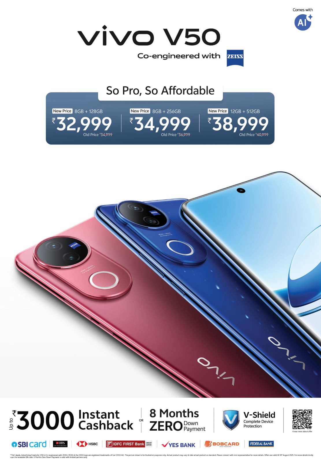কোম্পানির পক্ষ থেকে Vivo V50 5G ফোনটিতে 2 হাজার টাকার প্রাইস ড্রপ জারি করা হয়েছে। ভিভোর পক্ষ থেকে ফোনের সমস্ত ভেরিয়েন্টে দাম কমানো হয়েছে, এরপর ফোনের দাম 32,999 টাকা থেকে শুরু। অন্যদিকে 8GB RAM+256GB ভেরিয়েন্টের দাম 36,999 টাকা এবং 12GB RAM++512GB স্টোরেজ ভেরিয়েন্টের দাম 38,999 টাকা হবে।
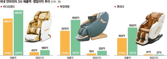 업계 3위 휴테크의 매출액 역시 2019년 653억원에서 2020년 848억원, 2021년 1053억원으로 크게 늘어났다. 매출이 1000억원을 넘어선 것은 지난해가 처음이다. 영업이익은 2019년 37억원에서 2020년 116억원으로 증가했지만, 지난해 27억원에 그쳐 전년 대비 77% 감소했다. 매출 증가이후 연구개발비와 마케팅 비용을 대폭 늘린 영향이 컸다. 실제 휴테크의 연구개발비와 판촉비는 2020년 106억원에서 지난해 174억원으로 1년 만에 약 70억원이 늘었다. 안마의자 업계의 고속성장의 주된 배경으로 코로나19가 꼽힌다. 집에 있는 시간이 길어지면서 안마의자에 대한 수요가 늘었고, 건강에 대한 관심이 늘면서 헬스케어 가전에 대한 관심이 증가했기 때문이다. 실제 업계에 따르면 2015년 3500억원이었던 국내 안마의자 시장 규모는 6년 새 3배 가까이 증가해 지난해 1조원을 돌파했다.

---

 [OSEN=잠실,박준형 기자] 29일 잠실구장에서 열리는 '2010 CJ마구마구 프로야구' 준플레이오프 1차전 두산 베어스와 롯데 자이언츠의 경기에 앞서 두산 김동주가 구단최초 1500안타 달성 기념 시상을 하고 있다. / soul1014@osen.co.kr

* * *

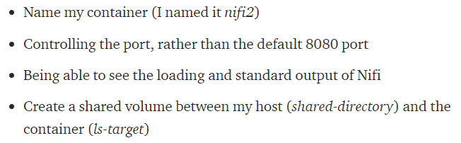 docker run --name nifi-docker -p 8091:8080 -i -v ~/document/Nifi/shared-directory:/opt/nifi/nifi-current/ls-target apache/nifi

§ EXERCISE BRIEF:
Although pictures appear among the records above, none are to be output; print exactly the lines from the line containing "কোম্পানির পক্ষ থেকে" through the line containing "업계 3위 휴테크의 매출액".

§ RESPONSE TO THIS EXERCISE:
কোম্পানির পক্ষ থেকে Vivo V50 5G ফোনটিতে 2 হাজার টাকার প্রাইস ড্রপ জারি করা হয়েছে। ভিভোর পক্ষ থেকে ফোনের সমস্ত ভেরিয়েন্টে দাম কমানো হয়েছে, এরপর ফোনের দাম 32,999 টাকা থেকে শুরু। অন্যদিকে 8GB RAM+256GB ভেরিয়েন্টের দাম 36,999 টাকা এবং 12GB RAM++512GB স্টোরেজ ভেরিয়েন্টের দাম 38,999 টাকা হবে।
 업계 3위 휴테크의 매출액 역시 2019년 653억원에서 2020년 848억원, 2021년 1053억원으로 크게 늘어났다. 매출이 1000억원을 넘어선 것은 지난해가 처음이다. 영업이익은 2019년 37억원에서 2020년 116억원으로 증가했지만, 지난해 27억원에 그쳐 전년 대비 77% 감소했다. 매출 증가이후 연구개발비와 마케팅 비용을 대폭 늘린 영향이 컸다. 실제 휴테크의 연구개발비와 판촉비는 2020년 106억원에서 지난해 174억원으로 1년 만에 약 70억원이 늘었다. 안마의자 업계의 고속성장의 주된 배경으로 코로나19가 꼽힌다. 집에 있는 시간이 길어지면서 안마의자에 대한 수요가 늘었고, 건강에 대한 관심이 늘면서 헬스케어 가전에 대한 관심이 증가했기 때문이다. 실제 업계에 따르면 2015년 3500억원이었던 국내 안마의자 시장 규모는 6년 새 3배 가까이 증가해 지난해 1조원을 돌파했다.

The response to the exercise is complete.